Storage Optimization

Managing your data with Checksum-based storage

Artifactory’s optimal design utilizes checksum-based storage, which uses two components: filestore and database. Each binary is located in the filestore (local disk by default) and identified by its checksum (sha1), with all the metadata (such as package metadata, artifact names, sizes, creation dates, repo locations, sha256 values, and signatures) saved in the database.

A checksum approach enables unique identification of artifacts, without duplication in the filestore. Remote teams can consume the same dependency, that is stored in the filestore, from two different repositories with different metadata referenced from the database. This prevents duplication and consumes less storage.

Managing your data with Checksum-based storage

Separating the binaries from their metadata provides flexibility on how the data is managed.

  • Moving or copying artifacts to a different path (for example, during promotion) will only affect the database and the SQL query, and not the filestore. This is because this will only change the artifact metadata, which is stored separately in the database.

The database server may be sized according to the following ratio: 1/100 of the filestore. This is not a strict formula to follow, it is meant to give you an initial sizing. Make sure to monitor your DB storage.
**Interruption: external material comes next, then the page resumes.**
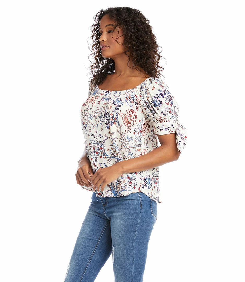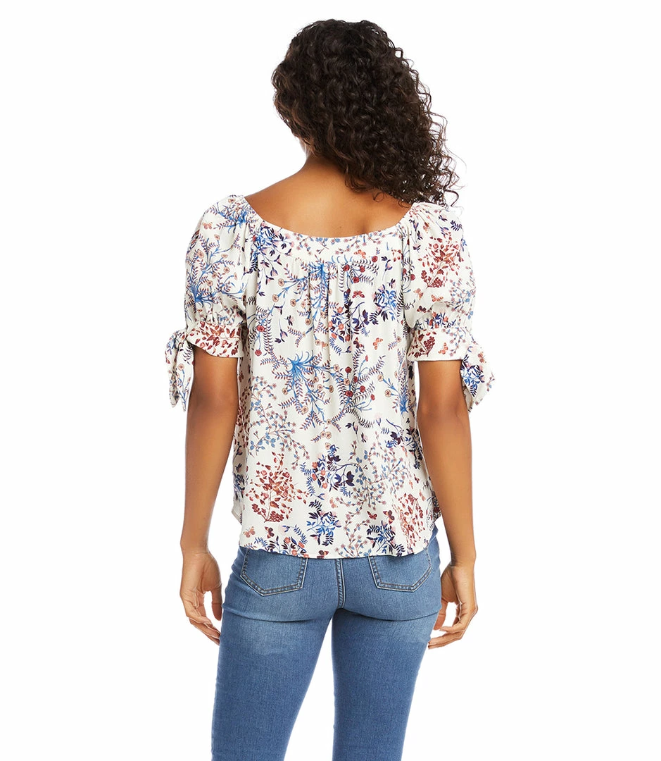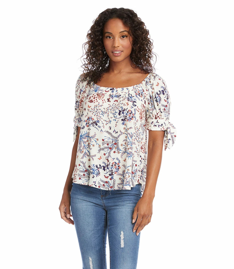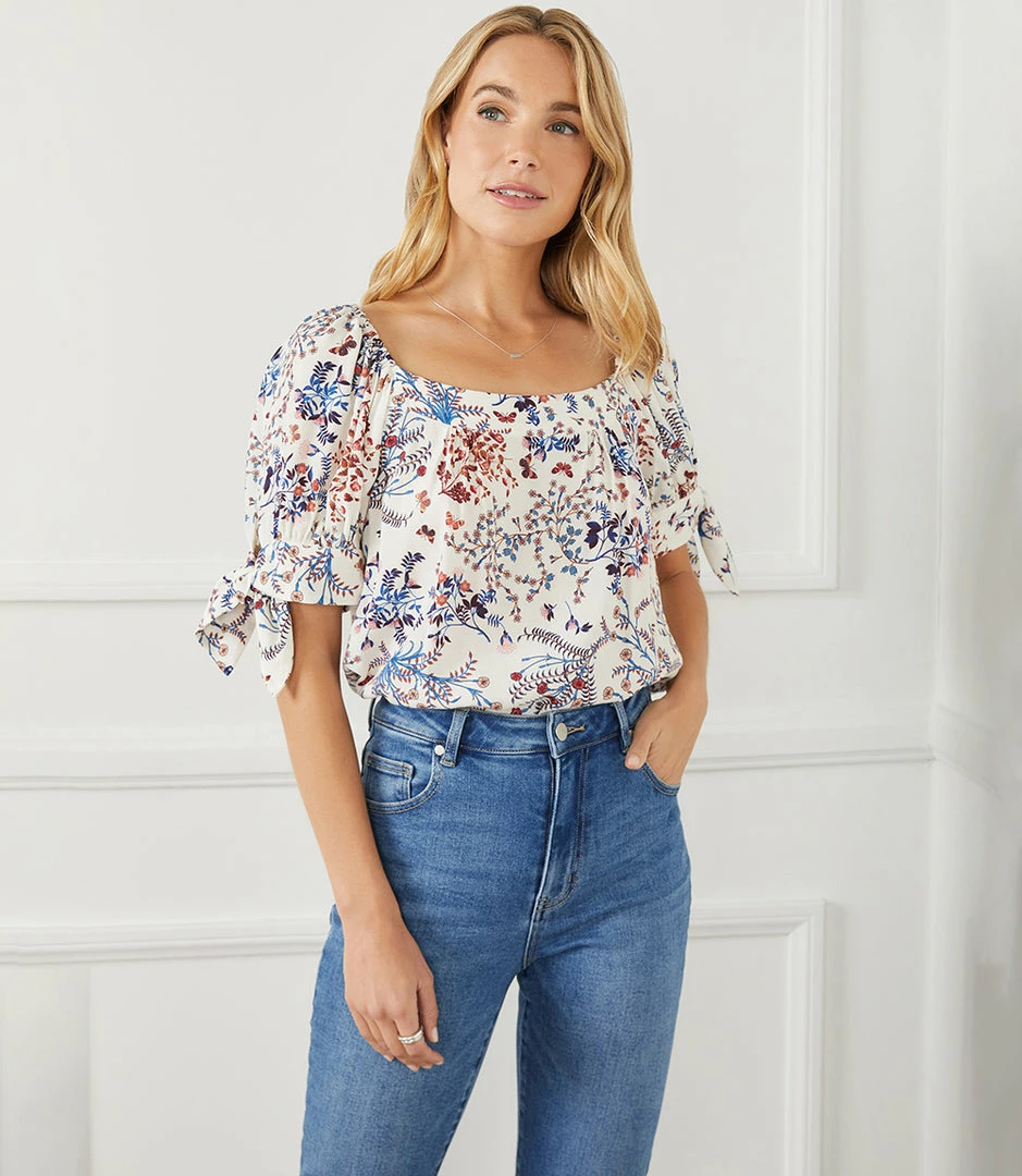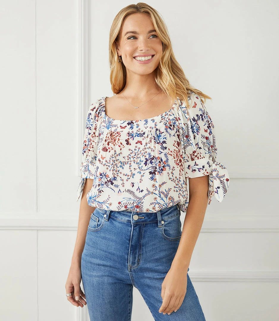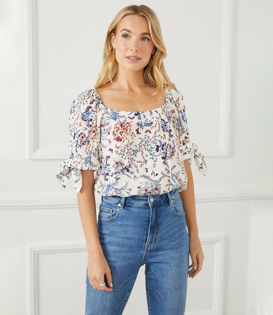 This charming top features a trend-right square neckline and short sleeves detailed with darling ties at the cuff. The perfect partner to all your denim, or any pair of black or white pants, this feminine style is the ultimate day-to-night piece.

When sizing your DB storage, keep in mind that during Artifactory upgrades, the database schema may be modified and temporary tables will be created, which will increase the DB storage you’ll need. 

By default, Artifactory is installed with the Apache Derby database. This database can be migrated at any time to an alternative relational database. Database As A Service can also be used as long as they rely on the supported DBs and versions.
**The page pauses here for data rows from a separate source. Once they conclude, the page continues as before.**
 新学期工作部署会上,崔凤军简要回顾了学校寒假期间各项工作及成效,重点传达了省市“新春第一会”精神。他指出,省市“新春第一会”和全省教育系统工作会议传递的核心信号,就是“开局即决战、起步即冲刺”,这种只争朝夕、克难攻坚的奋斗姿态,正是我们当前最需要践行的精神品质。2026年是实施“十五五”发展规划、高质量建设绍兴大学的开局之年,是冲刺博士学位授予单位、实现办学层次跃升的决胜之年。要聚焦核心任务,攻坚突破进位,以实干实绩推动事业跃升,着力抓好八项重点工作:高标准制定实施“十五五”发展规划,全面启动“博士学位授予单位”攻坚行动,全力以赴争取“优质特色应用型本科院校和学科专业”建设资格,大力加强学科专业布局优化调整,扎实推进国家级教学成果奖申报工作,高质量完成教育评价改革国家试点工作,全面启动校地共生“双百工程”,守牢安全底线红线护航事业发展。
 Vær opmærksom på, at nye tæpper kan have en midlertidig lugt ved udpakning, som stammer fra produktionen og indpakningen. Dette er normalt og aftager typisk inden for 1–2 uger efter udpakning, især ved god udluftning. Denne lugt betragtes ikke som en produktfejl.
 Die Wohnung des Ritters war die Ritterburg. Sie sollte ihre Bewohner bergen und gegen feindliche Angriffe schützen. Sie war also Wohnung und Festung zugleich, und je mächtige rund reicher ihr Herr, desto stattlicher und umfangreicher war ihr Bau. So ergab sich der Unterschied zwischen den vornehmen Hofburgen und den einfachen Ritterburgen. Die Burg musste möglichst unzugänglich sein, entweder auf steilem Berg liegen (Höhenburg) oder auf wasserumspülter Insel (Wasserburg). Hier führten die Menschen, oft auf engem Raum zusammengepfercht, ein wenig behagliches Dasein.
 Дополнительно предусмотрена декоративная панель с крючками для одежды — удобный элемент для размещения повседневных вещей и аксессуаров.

> Learn more about supported databases and versions

Caching binaries for better performance

Out-of-the box, Artifactory stores all the artifacts locally without any active caching. There are 2 types of caches that can be enabled in Artifactory: Cache-fs and Eventual.
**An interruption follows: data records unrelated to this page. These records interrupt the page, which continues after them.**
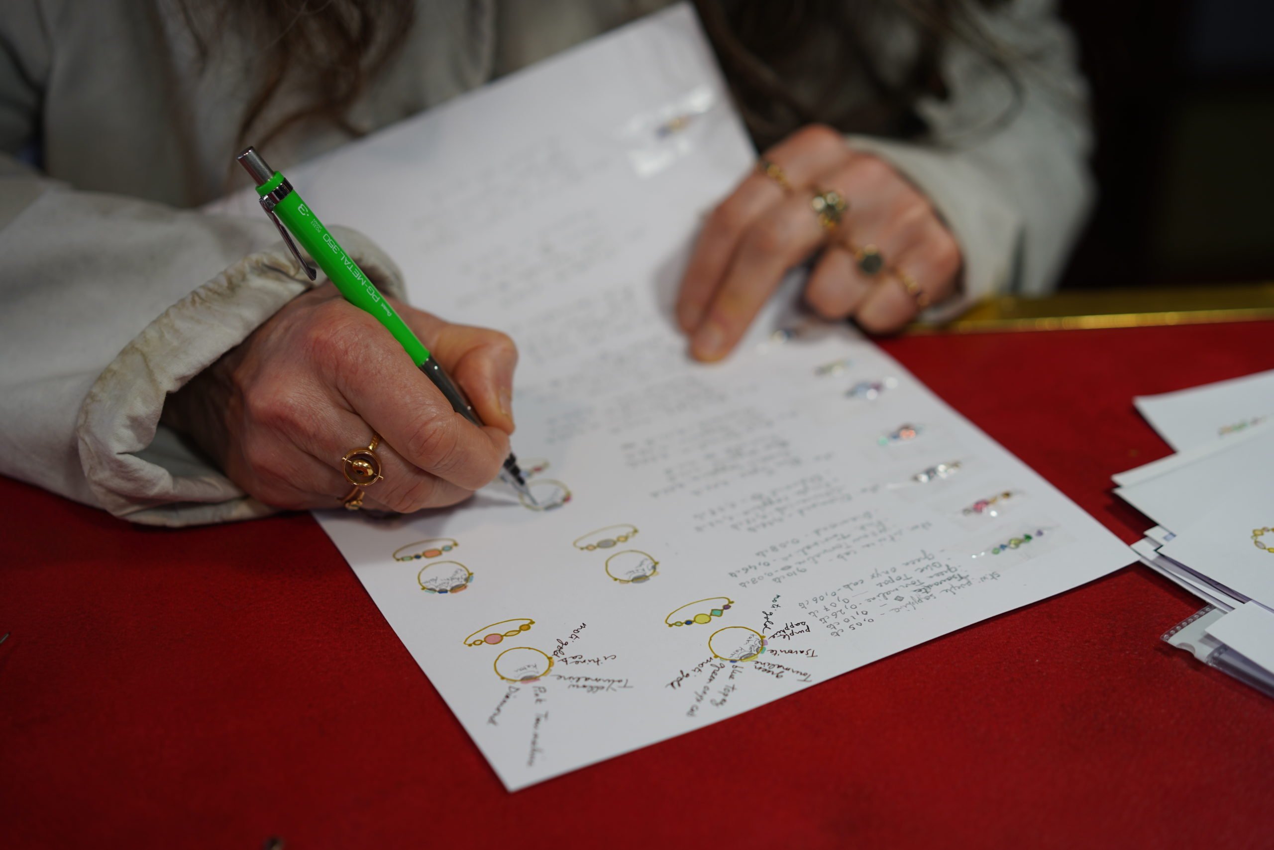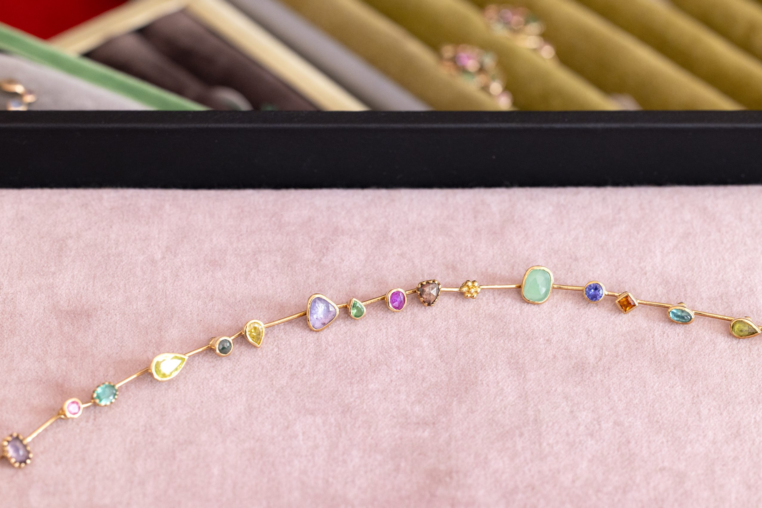 Les bijoux sont ainsi pensés et dessinés autour des pierres, toutes différentes de formes et de couleur.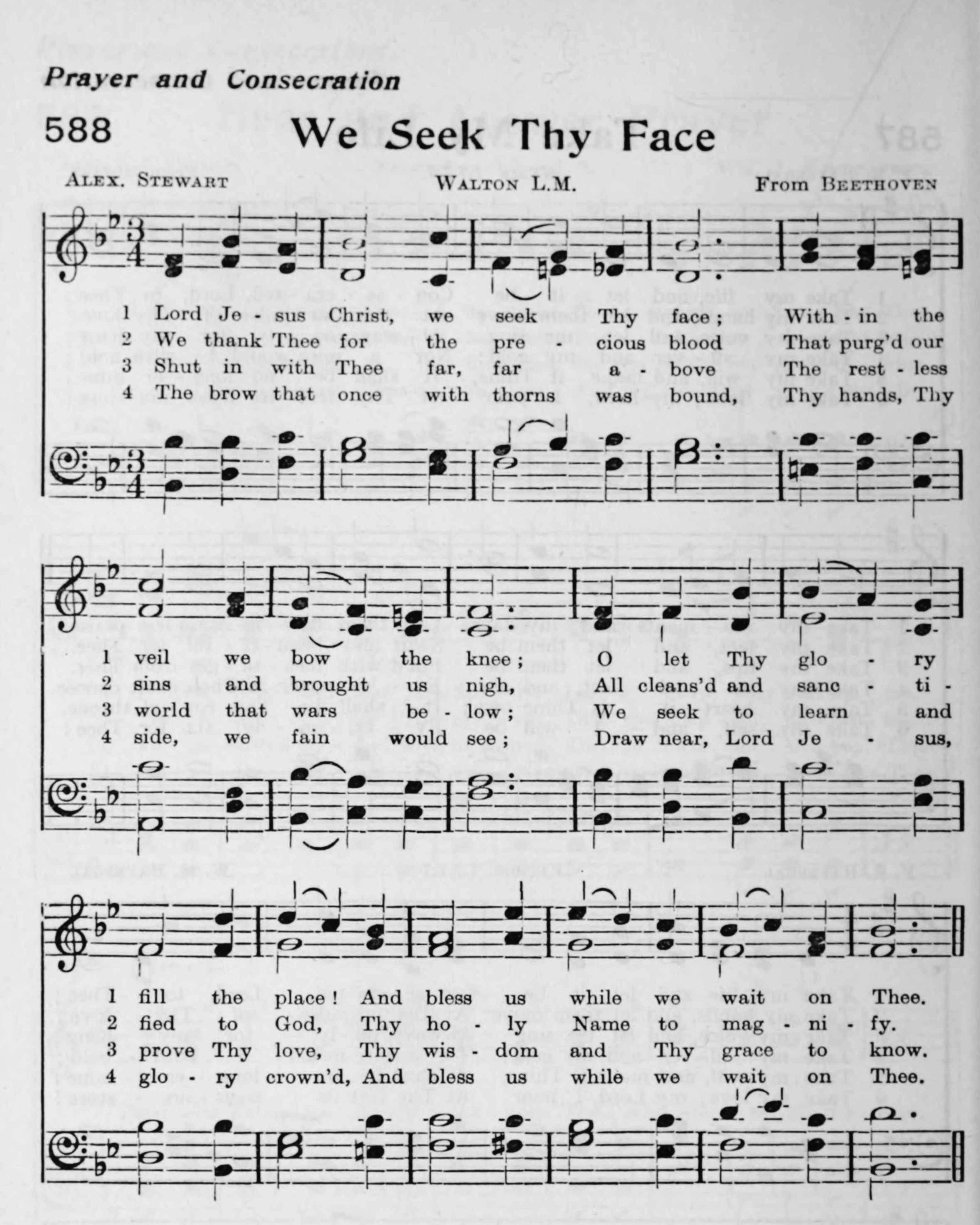 Alexander Stewart’s work exemplifies the devotional hymn tradition of the 1800s, where theology and personal piety were intertwined. “Lord Jesus Christ, We Seek Thy Face” has endured as a meaningful expression of the believer’s desire to draw near to Christ, reminding worshipers that seeking Him is both a command and a privilege.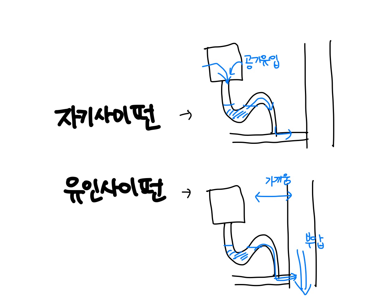 사이펀작용은 또 두 가지로 분류되는데, 만수 된 물이 일시에 흐르는 자기 사이펀과, 수직관 가까이에 봉수가 설치되어 부압으로 내려가버리는 유인사이펀이 있습니다.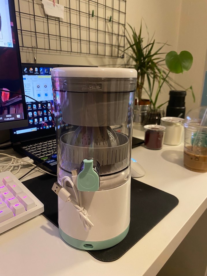 Şarjlı meyve sıkacağı minik yer kaplamaz fişe takmadan çalışabilir kolay temizlenir hiç kullanılmadı paketli ürün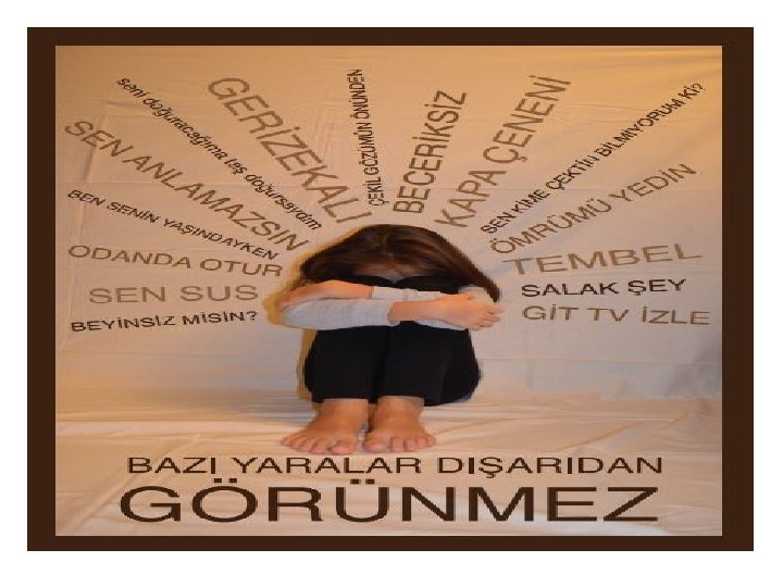Cinsel İstismara Maruz Kalan Çocuklarda Görülen Belirtiler 13 -18 Yaş • Davranışsal-fiziksel belirtiler: Korkularının günlük yaşantısını engelleyecek boyuta gelmesi, bağımlılık yapan maddelere düşkünlük, evden- okuldan kaçma, başkalarını istismar etme, takıntılı düşünce ve davranışlar, duygusal ve fiziksel yakınlıktan kaçınma, yeme bozukluğu , sinirlilik, riskli cinsel davranışlar, süreğen enfeksiyonlar, sosyal içe kapanma, intihar. • Duygusal belirtiler: Öfke, korku, suçluluk, utanma, güvensizlik, çaresizlik, depresyon, intihar düşüncesi, kirlenme duygusu

  1. Cache-fs: A read buffer, used to optimize the traffic between your Artifactory and a remote storage (for instance a NAS or cloud storage). This  “Least Recently Used” (LRU) cache will host the most recent uploaded and downloaded artifacts. It is enabled to reduce the number of requests to your network storage, and consequently the response time. Since the maximum size can be set, artifacts in this cache will “rotate” based on their last downloaded date or creation/modified date.
    *Available for Pro and Enterprise Licenses

    In case of concurrent connections requesting a binary not already cached, the cache-fs will only let the 1st connection download the binary from the remote server while the others will start streaming the bytes which would have already been downloaded.
  2. Eventual: A write buffer, used to optimize slowdowns during the upload process when using a slow and/or remote storage. This buffer is enabled by default for all Artifactory storage templates relying on object storage  (such as AWS S3, Azure Blob Storage, … ). This allows to implement an asynchronous upload in order to not wait for the artifact to be uploaded to the remote storage and consume it right away. Once the artifact is uploaded to storage and is available in Artifactory, it will be deleted from the eventual cache. Unlike cache-fs, there is no cache size limit that can be tuned. The disk size hosting this cache will set the limit, and should be monitored.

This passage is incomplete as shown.